A 100,000 Scale Factor Radar Range.

The radar cross section of an object is an important electromagnetic property that is often measured in anechoic chambers. However, for very large and complex structures such as ships or sea and land clutters, this common approach is not practical. The use of computer simulations is also not viable since it would take many years of computational time to model and predict the radar characteristics of such large objects. We have now devised a new scaling technique to overcome these difficulties, and make accurate measurements of the radar cross section of large items. In this article we demonstrate that by reducing the scale of the model by a factor 100,000, and using near infrared wavelength, the radar cross section can be determined in a tabletop setup. The accuracy of the method is compared to simulations, and an example of measurement is provided on a 1 mm highly detailed model of a ship. The advantages of this scaling approach is its versatility, and the possibility to perform fast, convenient, and inexpensive measurements.

Introduction

Electromagnetic (EM) properties such as radar cross section (RCS) or antenna gain are usually measured in anechoic chambers[1]. Even though the size of these chambers can be very spacious, there are situations where the object of interest is so large that it exceeds the dimensions of existing facilities. Computer simulation is a very helpful tool, but the processing time and memory requirement increase as the cube of the model size in regard to the wavelength for FDTD (Finite-Difference Time-Domain), making the solution intractable for large systems (>100λ linear size)[2]. Also, these complex codes, including method of moments (MoM), Physical Optics (PO), or Uniform Theory of Diffraction (UTD) can easily diverge or present artifacts that must be identified by other means[3,4]. Considering that Maxwell’s equations of wave propagation are invariant under dilatation transformation[5], it is possible to make the measurement on reduced size models by using a proportionally shorter wavelength than the one employed in radar (radio detection and ranging). By conserving the scale factor and material properties between model and wavelength, the solution of the EM wave propagation is identical. Matching the EM properties of the original component requires the substitution of the materials with similar permittivity and permeability at the scaled wavelength. The advantage of the scaling approach is that it is easier to make the measurement on a smaller model than on the original object. In our case we demonstrate that our technique is faster (from weeks to hours), less expansive by 2 to 3 orders of magnitude, can be done on a tabletop, and its validity has been confirmed by computational simulation.

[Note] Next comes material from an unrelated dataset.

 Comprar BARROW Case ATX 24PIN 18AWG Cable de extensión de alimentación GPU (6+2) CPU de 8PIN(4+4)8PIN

For over 70 years, engineers have used scale models of large and/or complex radio-frequency (RF) systems to dertermine their EM properties. However, these models were limited to reduction factors of only 10–100 to remain in the same portion of the RF spectrum[6]. Using such a limited scale factor, provides the benefit that material properties are usually very similar for life ans scaled frequencies, and no substitution is required. However, the fabrication of large scale models is laborious, takes several weeks, and costs tens of thousands of dollars for a single model[7]. More recently, RCS measurement with a scale factor of a few hundreds and using terahertz frequency were demonstrated[8,9]. The advantage of this scale factor is that model can be fabricated by a variety of techniques such as CNC (Computer Numerical Control) mill, or additive 3D printing. Unfortunately, THz sources and detectors are not commonly accessible, and material properties in this frequency range have not yet been thoroughly measured[10].

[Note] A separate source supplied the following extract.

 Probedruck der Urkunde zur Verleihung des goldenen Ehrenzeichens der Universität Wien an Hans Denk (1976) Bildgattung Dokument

By carefully analyzing the advantages and shortcomings of different frequency domains to implement a compact range for RCS measurements, we selected the near infrared region (NIR), covering 700 nm to 2500 nm, as being the most promising in term of sources, detectors, fabrication techniques, as well as material properties. This spectral region benefits from the recent developments in photonics, plasmonic, and nano fabrication technology.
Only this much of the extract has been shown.